This project focuses on creating an end-to-end observability pipeline built to capture, stream, transform, and visualize live network traffic — designed as a monitoring and anomaly-detection system for operational visibility into network behavior.
Pipeline Architecture
The pipeline is composed of four decoupled stages, each handling a distinct concern in the data flow:
Capture
A Python agent using the Scapy library performs low-level packet capture directly off the network interface, producing a continuous stream of raw traffic events.
Stream
Captured packets are published to a Kafka topic via a producer, decoupling ingestion from processing and providing a durable, replayable buffer.
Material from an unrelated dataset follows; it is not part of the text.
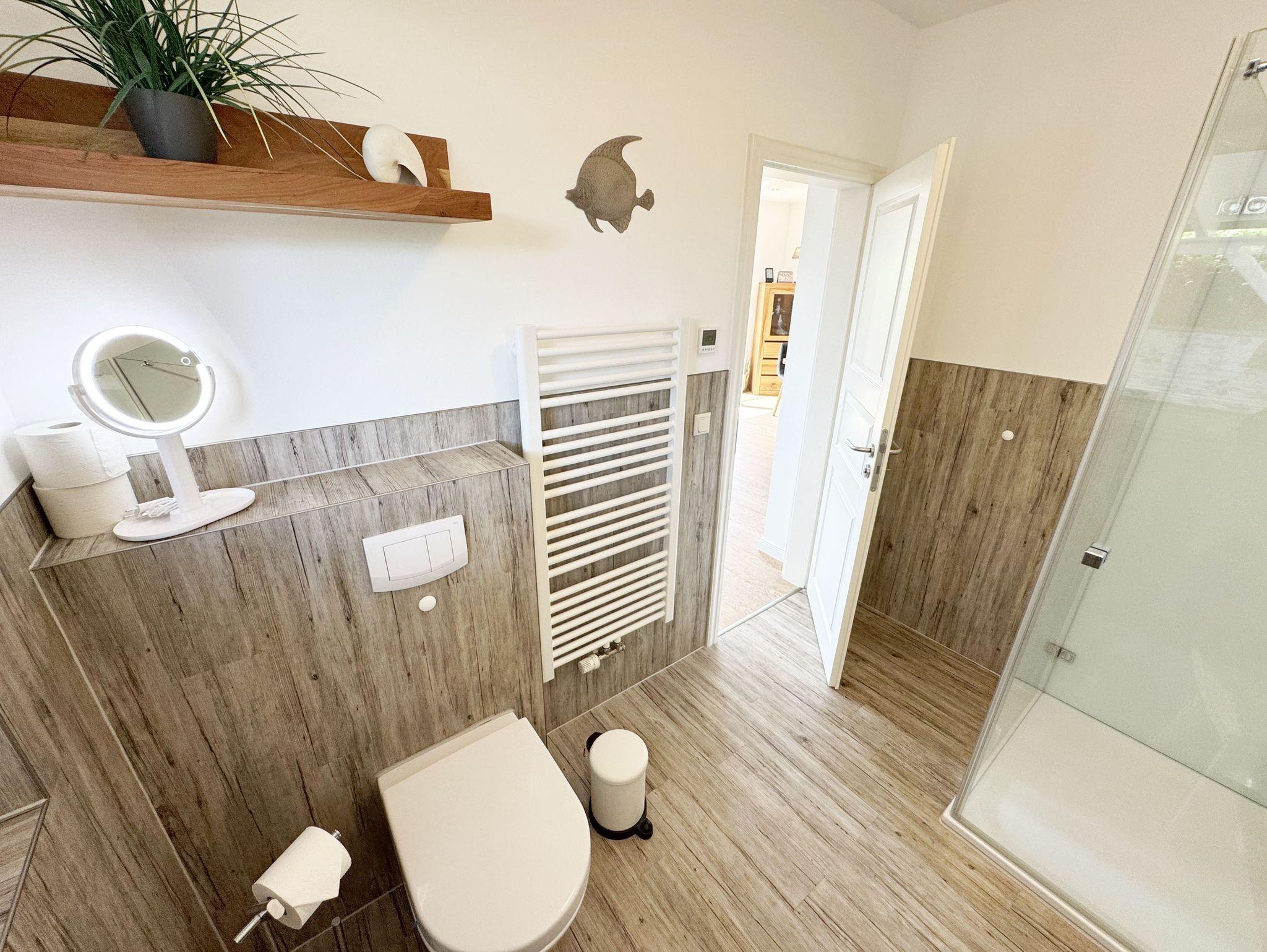 Willkommen im Ferienhaus „Uns lütt Hus“, im schönen und erholsamen Ostseebad Baabe. Das Nichtraucherferienhaus mit seinen ca. 95 m² erstreckt sich auf über 2 Etagen und bietet Ihnen Platz für max. 4 Erwachsene. Mit viel Liebe zum Detail wurde das Haus eingerichtet und bietet Ihnen auch in der kalten Jahreszeit einen angenehmen Rückzugsort, um Ihre Seele baumeln zulassen. Eine Sauna im Eingangsbereich ziert das Haus und bietet Ihnen eine kleine aber feine Wellnessoase. Der großzügige Koch-, Ess- und Wohnbereich mit seinen ca. 39 m² lässt keine Wünsche offen. Die offene Küchenzeile ist mit einem modernen Pyrolyse Backofen, Glaskeramikkochfeld, Dunstabzugshaube, Granitspüle, Einbau-Kühl-Gefrierkombination, Kaffeemaschine, Pad-Maschine (Dolce Gusto), Heißluftfriteuse (Ninja), Wasserkocher, Toaster, Eierkocher, Mixer und vielen weiteren kleinen Küchenhelfern ausgestattet. Angrenzend an den Küchenbereich schließt sich der großzügige Wildeichenholzesstisch mit seinen 4 Lederstühlen und Highboard an. Der Wohnbereich mit seiner gemütlichen Eckcouch und dazugehörigem Couchtisch, Leselampe, TV-Bord mit LED Smart-TV mit Sky (Auswahl von Sport, Film, Dokumentation), Blu Ray Player und einem Teufel Heimkinosystem laden für gemütliche und erholsame Stunden ein. Abgerundet wird dieser Bereich durch einen Ohrensessel mit Hocker und Blick auf den Kamin, welcher in der kalten Jahreszeit für eine angenehme Wärme sorgt. Kaminholz ist für Sie inklusive. Eine kleine Auswahl an Gesellschaftsspielen, Urlaubslektüren und DVDs stehen Ihnen außerdem zur Verfügung. Der technische Bereich wird zusätzlich durch einen WLAN Zugang (100 Mbit/S) abgerundet. Das erste der Tageslichtduschbäder befindet sich im Erdgeschoss und ist mit einer ebenerdigen Klarglasdusche der Firma Sprinz und einer XXL Regendusche ausgestattet. Weiterhin finden Sie ein WC, einen Waschtisch, einen Handtuchtrockner und einen Fön im Bad. Vom Wohn-/Essbereich gelangen Sie auf Ihre südausgerichtete Terrasse, die mit bequemen und verstellbaren Terrassenstühlen und einer elektrischen Markise sowie 2 Sonnenliegen ausgestattet ist. Auch ein Holzkohlegrill der Firma Weber lässt den Abend auf der Terrasse bei einem guten Essen und einem Gläschen Wein ausklingen. Vom Flur erreichen Sie durch eine etwas steile Holztreppe Ihre beiden Schlafzimmer sowie ein weiteres Tageslichtbad. Das große Schlafzimmer verfügt über ein Doppelbett (1,80 m x 2,00 m) mit Gel-Kaltschaummatratzen (0,90 m x 2,00 m), verstellbare Lattenroste am Kopf und Fußende, Nachttischablagen, DAB-Radio Wecker von Teufel, LED TV, einen Ohrensessel mit Hocker, einen Safe, einen Elektrokamin sowie einen großzügigen Einbau-Kleiderschrank. Das kleinere der Schlafzimmer wurde mit einem Doppelbett (1,60 m x 2,00 m) und Gel-Kaltschaummatratzen (0,80 m x 2,00 m), verstellbare Lattenroste am Kopf und Fußende, Nachttischablagen, DAB-Radio Wecker von Teufel sowie einer kleinen Sitzecke bestehend aus einem Sessel mit Ablagen, ausgestattet. Für einen ruhigen und erholsamen Schlaf sorgen zusätzlich Verdunklungs-Plissees, elektrische Rollläden sowie Insektenschutzgitter. Das zweite Tageslichtbad im Obergeschoss verfügt wie das Duschbad im Erdgeschoss über eine ebenerdige Klarglasdusche der Firma Sprinz und eine XXL Regendusche. Ein WC, ein Waschtisch, ein Kosmetikspiegel und ein Handtuchtrockner runden das Bad ab. Alle Räumlichkeiten im Ferienhaus sind mit einer Fußbodenheizung und Vinylfußbodenbelag im Holz Look versehen. Nicht nur im Schlafzimmer finden Sie elektrische Rollläden und Insektenschutzgitter! Diese sind im gesamten Haus vorhanden. Im Hauswirtschaftsraum finden Sie eine Waschmaschine mit Trocknerfunktion, einen Staubsauger, Reinigungsutensilien, ein Bügelbrett sowie ein Bügeleisen. Um den sehr kalkhaltigen Wasser auf der Insel Rügen entgegenzuwirken, finden Sie eine Enthärtungsanlage im Haus, die das Wasser enthärtet. Für unsere kleinen Gäste steht ein Hochstuhl sowie ein Kinderreisebett (ohne Bettinlett/mit Zusatzmatratze) und ein Treppenschutz zur Verfügung. Auch ein 4-Beiner ist mit seinem eigenen Schlafplatz gegen eine Gebühr ein gern gesehener Gast. 2 PKW-Stellplätze befinden sich direkt vor dem Haus sowie eine Ladestation für Elektrofahrzeuge (Abrechnung über Nebenkostenpauschale). Auch der vorhandene Carport am Haus bietet Schutz für einen PKW. Ihre geliehenen oder auch mitgebrachten Fahrräder können Sie im großzügigen Schuppen unterstellen. Hier gibt es auch die Möglichkeit, Ihre E-Bikes aufzuladen. Zur Erkundung der Umgebung stehen Ihnen zusätzlich 2 Trekking Räder der Firma Victoria mit Gangschaltung zur Verfügung sowie ein Damenrad der Firma Hartje mit Gangschaltung (kein Vertragsbestandteil). Auf dem kleinen Grundstück finden Sie auch eine Wäschespinne, um Ihre Handtücher nach dem Baden in der Ostsee aufzuhängen. Die Erstausstattung eines Wäschepaketes (komplette Bettwäsche, 1 Duschhandtuch, 2 kleine Handtücher) können Sie bis 14 Tage vor Anreise gegen einen Aufpreis dazu buchen oder durch eigene ergänzen. Ab 2 gebuchten Paketen erhalten Sie einmalig 1 Geschirrhandtuch und 1 Duschvorleger hinzu.

This stage ensures backpressure resilience and supports multiple downstream consumers.
Transform & Store
A Kafka consumer reads from the topic, extracts structured fields — source/destination hosts, protocols, GeoIP metadata, packet sizes — and writes the normalized records into PostgreSQL. The schema is optimized for time-series aggregation queries used by the reporting layer.
Visualize
Power BI connects directly to PostgreSQL to surface a live operational dashboard tracking key traffic metrics: packet rates, unique hosts, protocol distribution, transferred data volume, and geographic origin of traffic.
The Pipeline
This architecture reflects a pattern common to production observability stacks: a lightweight collector, a durable message bus, a transformation layer, a queryable store, and a visualization layer — each independently scalable and replaceable.
Dashboard
The Power BI report provides operators with real-time visibility into:
- Total packets captured and throughput trends
- Unique hosts communicating on the network
- GeoIP mapping of traffic origins
- Protocol distribution breakdown
- Aggregate data transfer volumes

Conclusion
This project shows how to build a robust, scalable observability pipeline for network traffic analysis using open-source tools.
By decoupling each stage, the architecture allows for flexibility in scaling and evolving components independently — a critical design principle for production monitoring systems.
The resulting dashboard provides actionable insights into network behavior, enabling proactive detection of anomalies and informed operational decisions.
Have a nice day ^_^